How To Survive A Bear Market
You’ve doubtlessly already heard about the terms ‘bull market’ and ‘bear market’. What do these really mean? A bear market is simply when you have a drop in a large number of share prices over a relatively long period of time. Traders normally talk about a bear market when prices have dropped at least 20% over a period of no less than two months. As more and more people sell their stocks, market prices are pushed down even further.
A bull market is just the opposite: A prolonged, widespread rise in the price of a large number of stocks. While the pessimism behind a market with declining prices drives it even further down, the optimism underlying a bull market drives the prices to even higher levels.
Do not confuse the terms ‘bear market’ and ‘market correction’. A market correction happens regularly and is simply a small downward movement in prices after a sharp price increase. This happens when traders sell stocks to cash in on the profits they made during the increase in prices.

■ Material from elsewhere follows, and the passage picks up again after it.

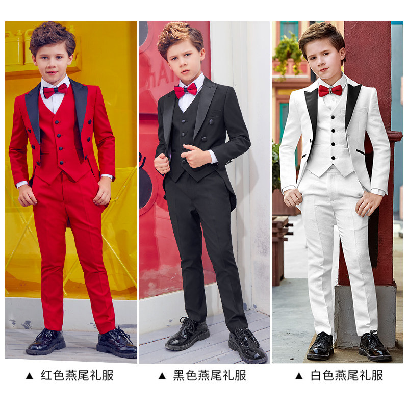 Children Suits Tuxedo Flowers Tuxedo Dresses Big Kids Piano Show Host Costumes Boy West Suit Suit Spring
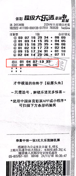 大乐透第24134期,苏州购彩者金先生凭借一张18元套餐票,中得1注一等奖、2注二等奖,总奖金达1022万余元。这位自称“老彩友”的年轻人平日喜欢随机投注大乐透。当期购彩时,网点销售员向他推荐了套餐票活动,他欣然尝试,没想到一出手便收获千万大奖。

It’s easy to see how one can make money in a bull market. In fact, it’s hard not to make money in such a market. But how can you make money in a declining market?
One such way is if you could accurately predict the end of the falling market and then buy a selection of top quality stock tips. Although you can use a variety of fundamental and technical indicators to help you with predicting the turning point, it remains very difficult. Even the best of traders often fail to correctly predict the turning point of a slumping market.
Another possibility is to sell stocks short. What you in effect do is to borrow stocks from a brokerage and sell them to a third party at the current high price. Once the price has dropped, you buy them back and refund the brokerage. You should only do this with stocks which are virtually sure to drop in price.
You have one other possible course of action if you want to make money in a bear market: buy put options. This type of option actually rises in value as the price of the underlying share goes down. As with short selling stocks, if you are wrong about the market and it actually goes up, you will lose the money you paid for these put options.